Time passed slowly. I thought of calling Nikki to remind her to get going, but that was pointless. I thought of calling Yasmin or Chiri, but they were at work now, anyway. I sat back against the wall and shivered, almost in tears: Jesus, I really
didn’t
have any friends. I wished I had a holo system like Tamiko’s; it would have killed some time. I’ve seen some holoporn that made the real thing seem fetid and diseased.
At seven-thirty I dressed: an old, faded blue shirt, my jeans, and my boots. I couldn’t have looked pretty for Hassan if I’d wanted to. As I was leaving my building, I heard the crackle of static, and the amplified voice of the muezzin cried
“laa ‘illaha ‘illallaahu”
—it is a beautiful sound, that call to prayer, alliterative and moving even to a blaspheming dog of an unbeliever like myself. I hurried through the empty streets; hustlers stopped their hustling for prayer, marks overcame their cullibility for prayer. My footsteps echoed on the ancient cobblestones like accusations. By the time I reached Hassan’s shop, everything had returned to normal. Until the final, evening call to prayer, the hustlers and the marks could return to their rock ‘n’ roll of commerce and mutual exploitation.

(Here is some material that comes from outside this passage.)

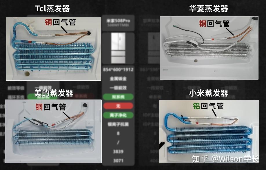 其实在电商平台也能查到,这个品牌也有自己的冰箱,但大都是千元左右的低端机。这两款都是双系统加上主动除菌,不过都没有全宽果蔬抽屉,从拆机来看,我之前拆过TCL、华凌、美的以及容声等等,基本蒸发器的回气管全都是铜的,小米这款是铝的,

Minding Hassan’s shop at that hour was a young, slender American boy everyone called Abdul-Hassan. Abdul means “the slave of,” and is usually rounded out with one of the ninety-nine names of God. In this case, the irony was that the American boy was Hassan’s, in every respect you could think of except, perhaps, genetically. The word around the Street was that Abdul-Hassan had not been born a boy, in exactly the same way that Yasmin had not been born a girl; but no one I knew had the time or the inclination to launch a full-scale investigation.